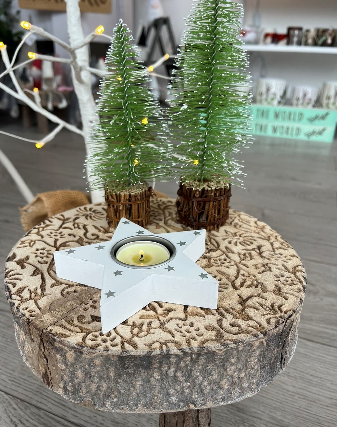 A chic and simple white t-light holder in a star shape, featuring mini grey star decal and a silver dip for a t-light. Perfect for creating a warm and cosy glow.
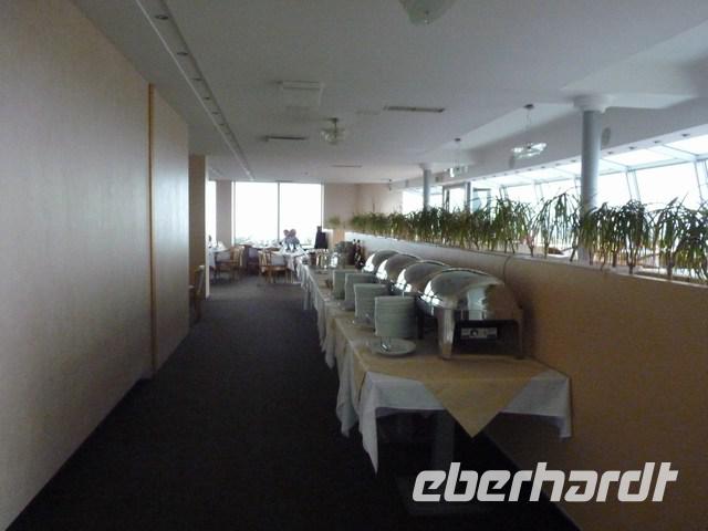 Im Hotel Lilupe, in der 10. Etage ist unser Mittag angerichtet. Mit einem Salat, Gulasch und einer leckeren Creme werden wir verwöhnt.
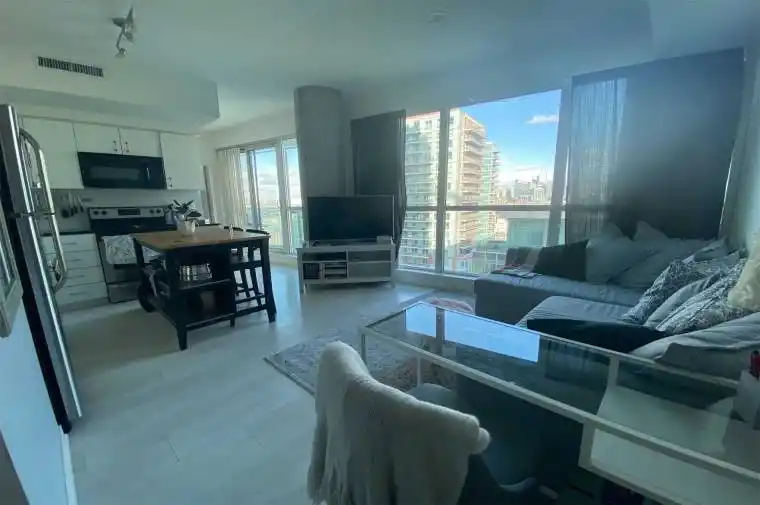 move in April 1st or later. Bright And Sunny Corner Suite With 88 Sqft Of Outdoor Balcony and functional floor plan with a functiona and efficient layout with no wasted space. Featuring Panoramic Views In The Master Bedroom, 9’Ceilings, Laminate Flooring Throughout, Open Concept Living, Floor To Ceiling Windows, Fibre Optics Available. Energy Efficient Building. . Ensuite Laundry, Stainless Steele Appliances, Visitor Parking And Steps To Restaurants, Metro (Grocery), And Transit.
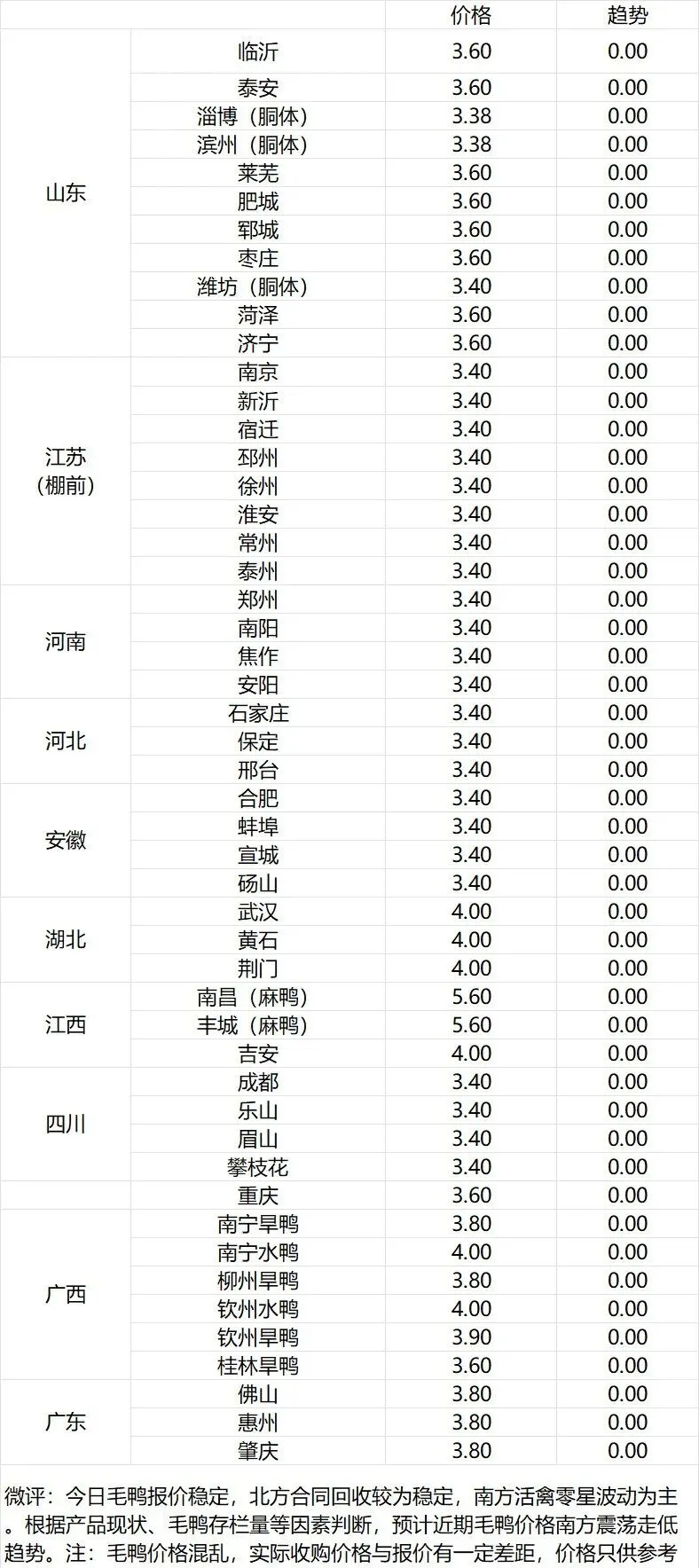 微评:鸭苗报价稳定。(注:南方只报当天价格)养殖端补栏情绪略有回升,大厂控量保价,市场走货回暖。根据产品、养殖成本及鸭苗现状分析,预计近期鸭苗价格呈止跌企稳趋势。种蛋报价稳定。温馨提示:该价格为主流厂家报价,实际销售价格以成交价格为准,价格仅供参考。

* * *

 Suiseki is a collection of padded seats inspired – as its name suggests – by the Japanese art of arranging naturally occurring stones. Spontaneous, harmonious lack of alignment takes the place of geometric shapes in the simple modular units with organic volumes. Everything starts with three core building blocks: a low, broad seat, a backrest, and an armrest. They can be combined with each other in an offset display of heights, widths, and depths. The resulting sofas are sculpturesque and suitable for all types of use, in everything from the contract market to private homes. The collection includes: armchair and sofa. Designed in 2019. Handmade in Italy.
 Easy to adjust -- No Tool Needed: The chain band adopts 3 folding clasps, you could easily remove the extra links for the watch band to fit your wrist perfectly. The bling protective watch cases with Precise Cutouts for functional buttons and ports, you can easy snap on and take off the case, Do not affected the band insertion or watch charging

What to produce »
Reproduce the listing above from the line that holds "A chic and simple" through the line that holds "微评:鸭苗报价稳定。(注:南", both included, with the pictures left out.

Output of the task »
 A chic and simple white t-light holder in a star shape, featuring mini grey star decal and a silver dip for a t-light. Perfect for creating a warm and cosy glow.
 Im Hotel Lilupe, in der 10. Etage ist unser Mittag angerichtet. Mit einem Salat, Gulasch und einer leckeren Creme werden wir verwöhnt.
 move in April 1st or later. Bright And Sunny Corner Suite With 88 Sqft Of Outdoor Balcony and functional floor plan with a functiona and efficient layout with no wasted space. Featuring Panoramic Views In The Master Bedroom, 9’Ceilings, Laminate Flooring Throughout, Open Concept Living, Floor To Ceiling Windows, Fibre Optics Available. Energy Efficient Building. . Ensuite Laundry, Stainless Steele Appliances, Visitor Parking And Steps To Restaurants, Metro (Grocery), And Transit.
 微评:鸭苗报价稳定。(注:南方只报当天价格)养殖端补栏情绪略有回升,大厂控量保价,市场走货回暖。根据产品、养殖成本及鸭苗现状分析,预计近期鸭苗价格呈止跌企稳趋势。种蛋报价稳定。温馨提示:该价格为主流厂家报价,实际销售价格以成交价格为准,价格仅供参考。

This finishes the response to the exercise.